This cartoon in the April 30th issue of the New Yorker made me smile and think of myself.
I also found another interesting word in Ian McEwan’s short story in the same issue.
“The United Kingdom had succumbed, one letter announced, to a frenzy of akrasia–which was, Tony reminded me, the Greek word for acting against one’s better judgment. (Had I not read Plato’s Protagoras?) A useful word. I stored it away.” from “Hand on the Shoulder” by Ian McEwan, New Yorker, April 30, 2012
I’m still feeling quite exhausted. I guess I really do need to fly away. I did most of the paperwork for applying for reimbursement for medical expenses for 2011 yesterday. Eileen has a “benny” at work which allows her to set aside a certain amount of non-taxable income designated just for medical expenses. It’s set up so that we pay and then apply for reimbursement. The deadline for applying for 2011 is May 2012.

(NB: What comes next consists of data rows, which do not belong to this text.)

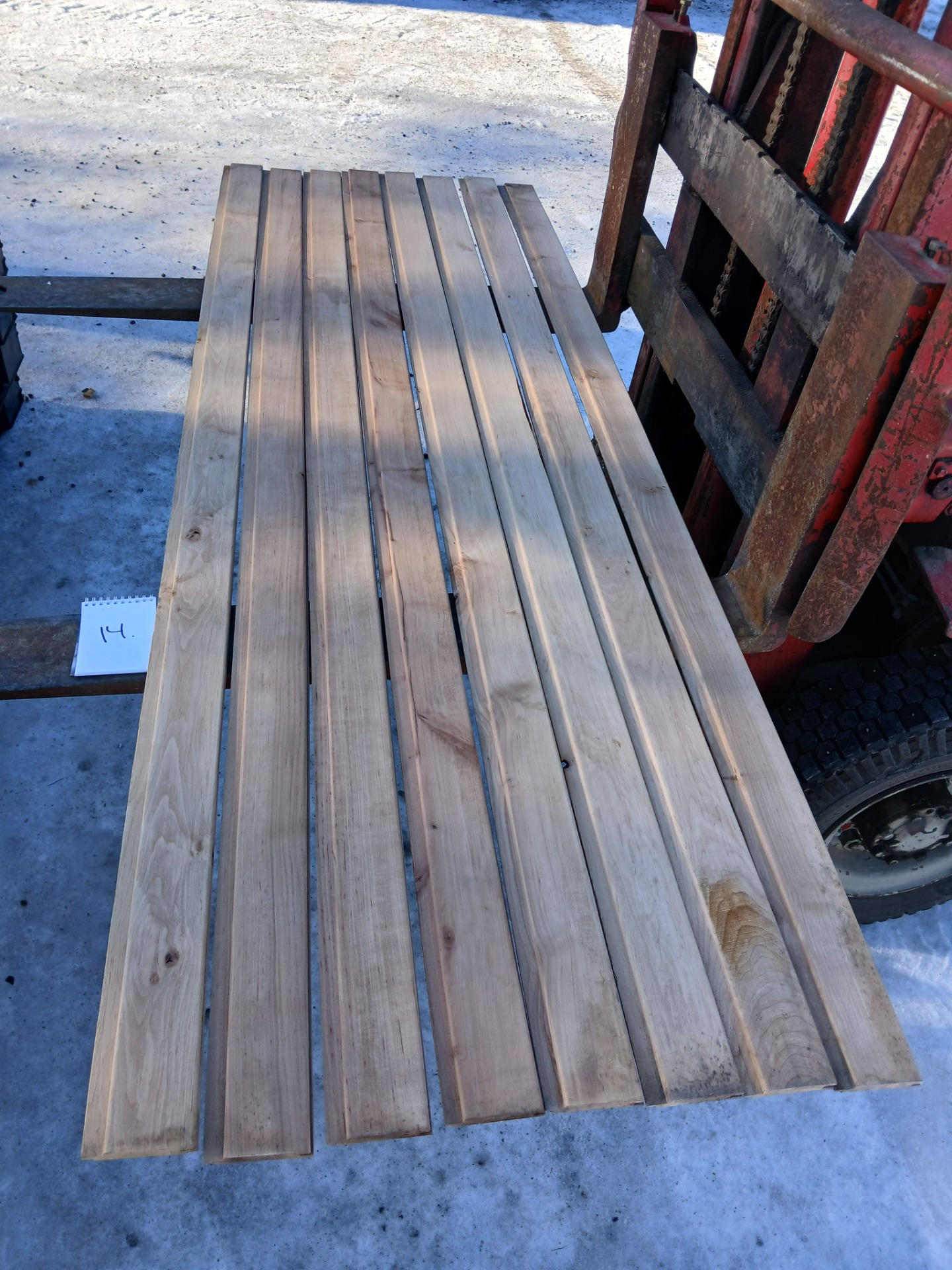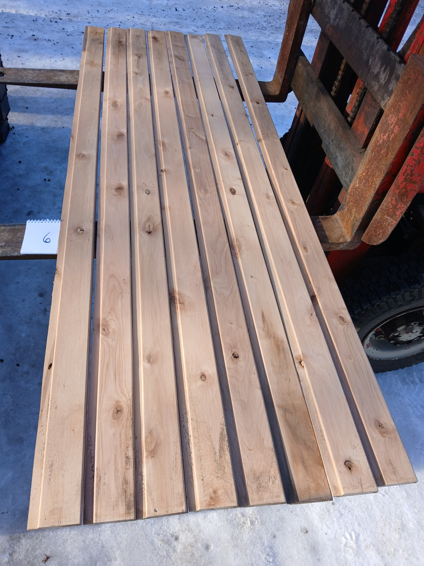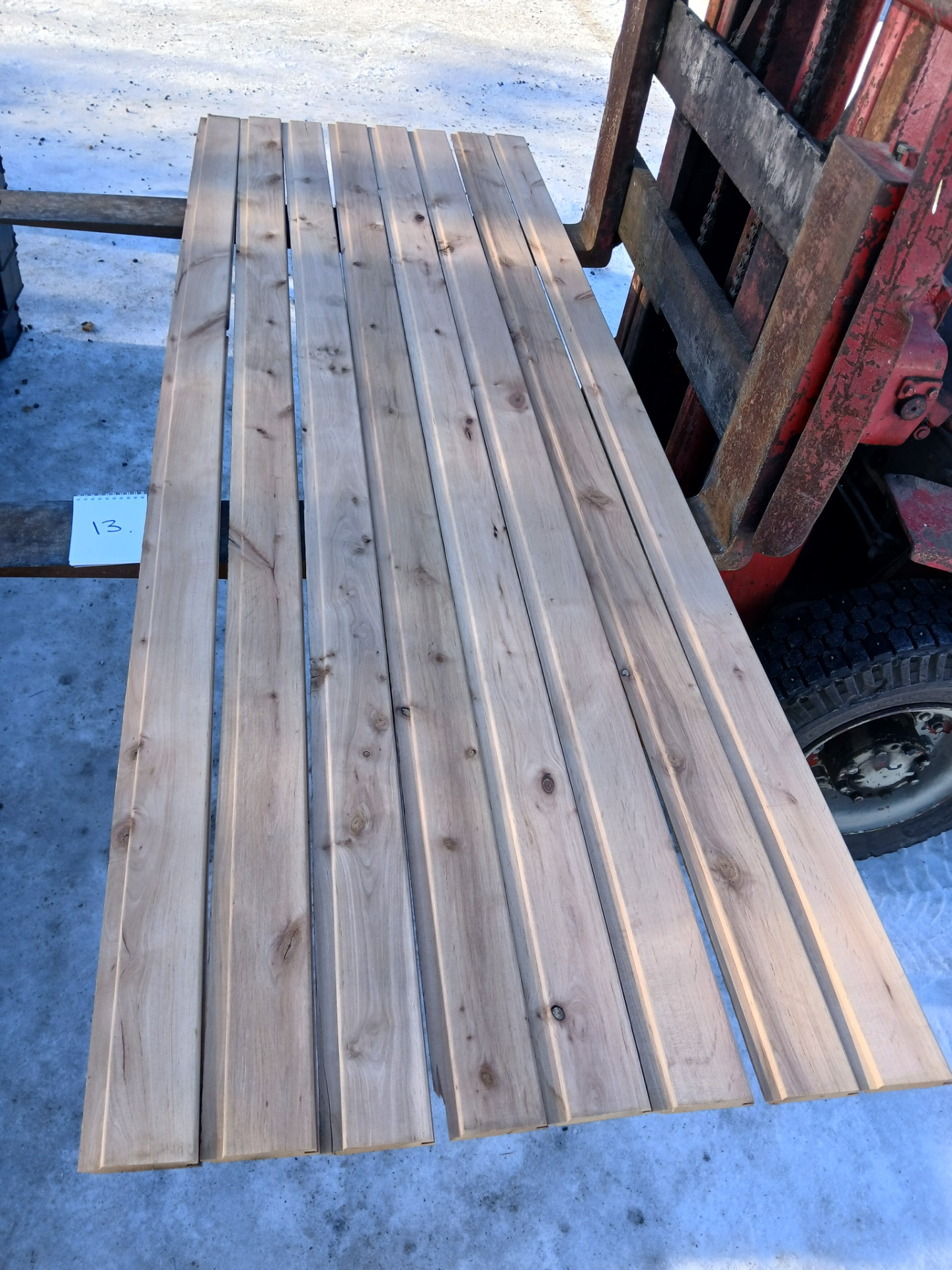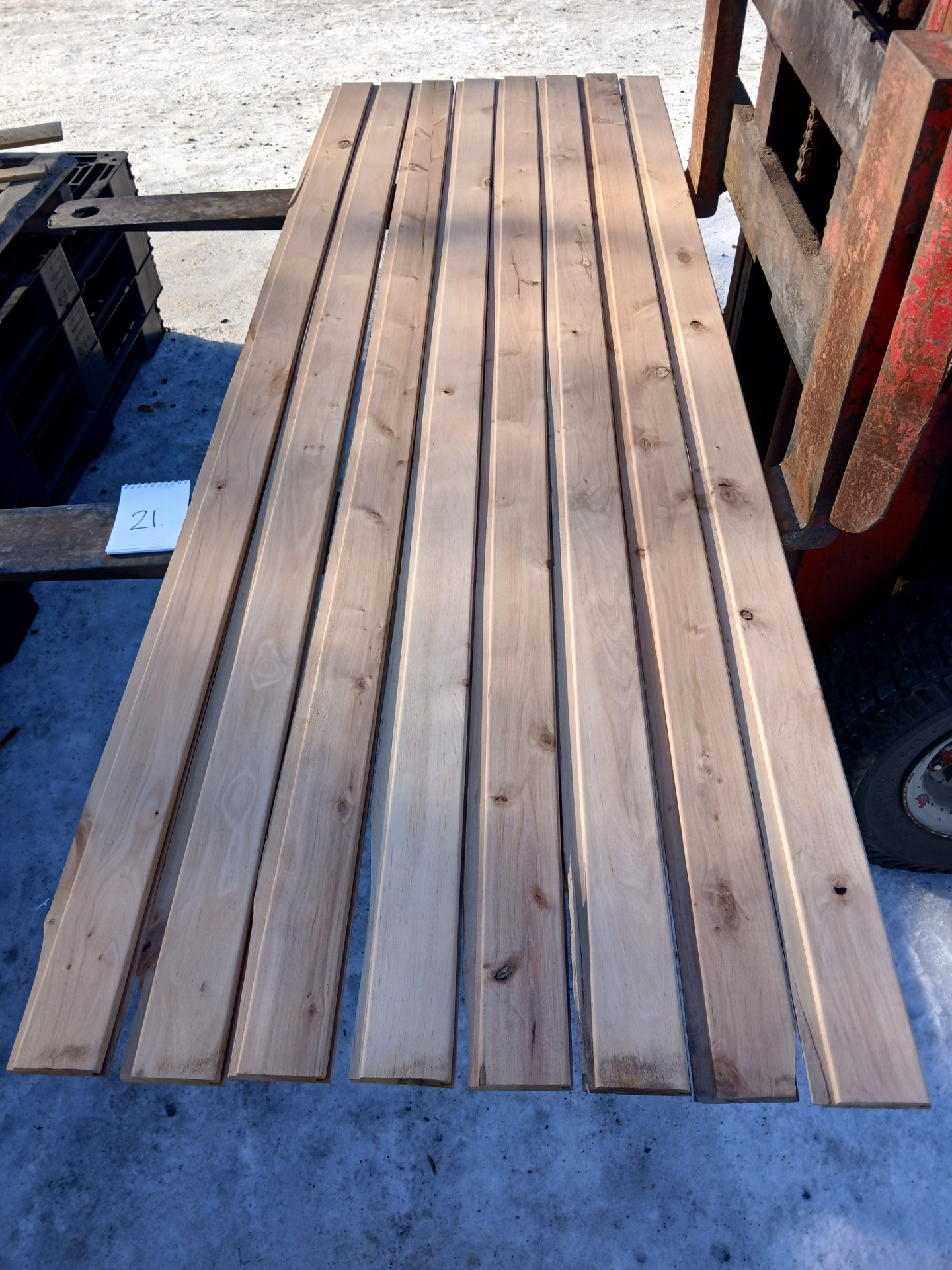 Alunperin ykköslaatua, mutta varastoitu pitkään. Paketit avattu ja laudat kuvattu 8.3.2026. Suurelta osin täysin ykköslaatuisen veroista, mutta kaikki myydään talouslaatuna. Kuvissa paneelien vasemmalla puolella trukkipiikillä paketin numero. Nopeimmat saavat valikoida haluamansa paketit kuvien perusteella.
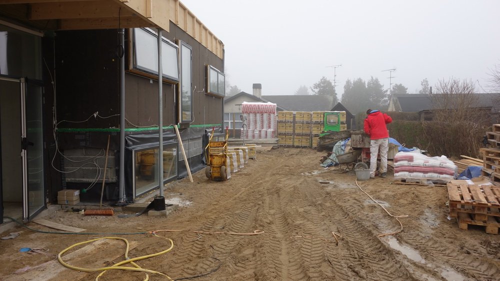 El- og gastavlen. | ![]() Denne blå dims holder en vis afstand fra isoleringen til murværket. | Velorganiseret byggeplads. |
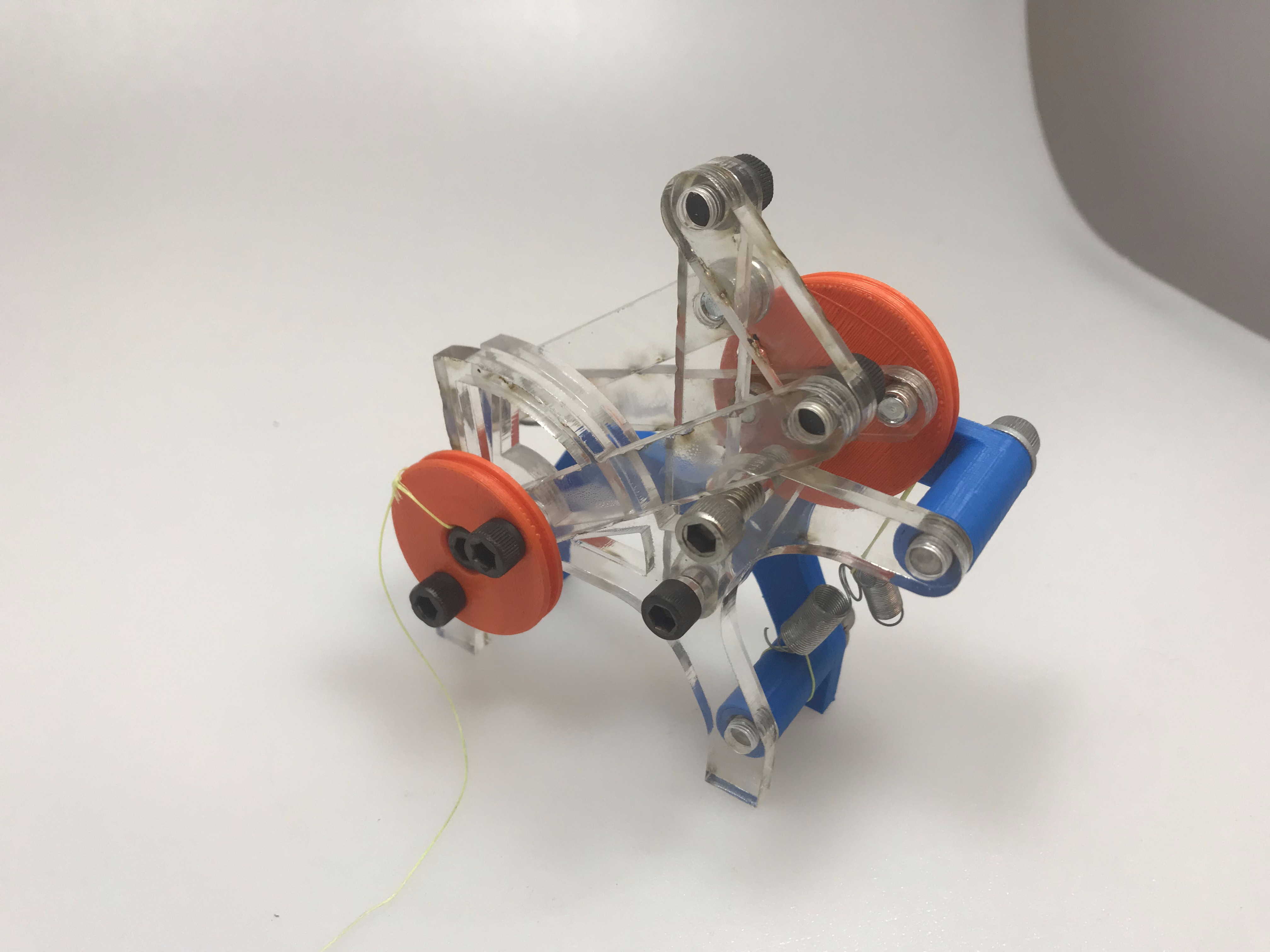 Fabrication process: Most of the parts for this mechanism were 2.5-dimensional, and thus able to be fabricated with a laser cutter. There were two parts—the pulleys attached to the rocker and the crank—that were properly three dimensional and were created by a 3D printer. The mechanism was assembled using 1/4-20 screws. To couple the rocker pulley to the spring and the crank pulley to the output force, I used 50 lb. fishing line.
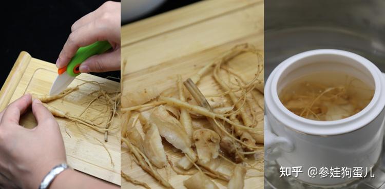 园参鲜品、园参生晒、园参段/条、园参生晒参片、红参全须、红参光支、红参压块、鲜林下参、林下参生晒、鲜野生参、野生参生晒、鲜纯山参/纯野山参、纯山参/纯野山参生晒等,都可以依照此方法进行,只是在完整的人参情况下,可以将鲜品切片或切段,生晒参品可在蒸锅1-2分钟,蒸软后切片、切段或切碎块,当然也可以揪着吃,从须开始,掐一点儿,当然购买到现成的片就根据克重片数进行食用即可。

I worked on “Danse” by Debussy quite a bit yesterday. I played it slowly all the way through with the metronome set at eighth note = 120 beats per minute.
Then I set the metronome at dotted quarter = 85 beats per minute and went through it a couple times to see if I was speeding up in places. I actually sped up in the some of the very slow moving sections.
In reality I didn’t set it at 85 M.M. but at 3×85 (255) since Debussy goes back and forth between pulsing quarter notes and dotted quarter notes throughout the piece.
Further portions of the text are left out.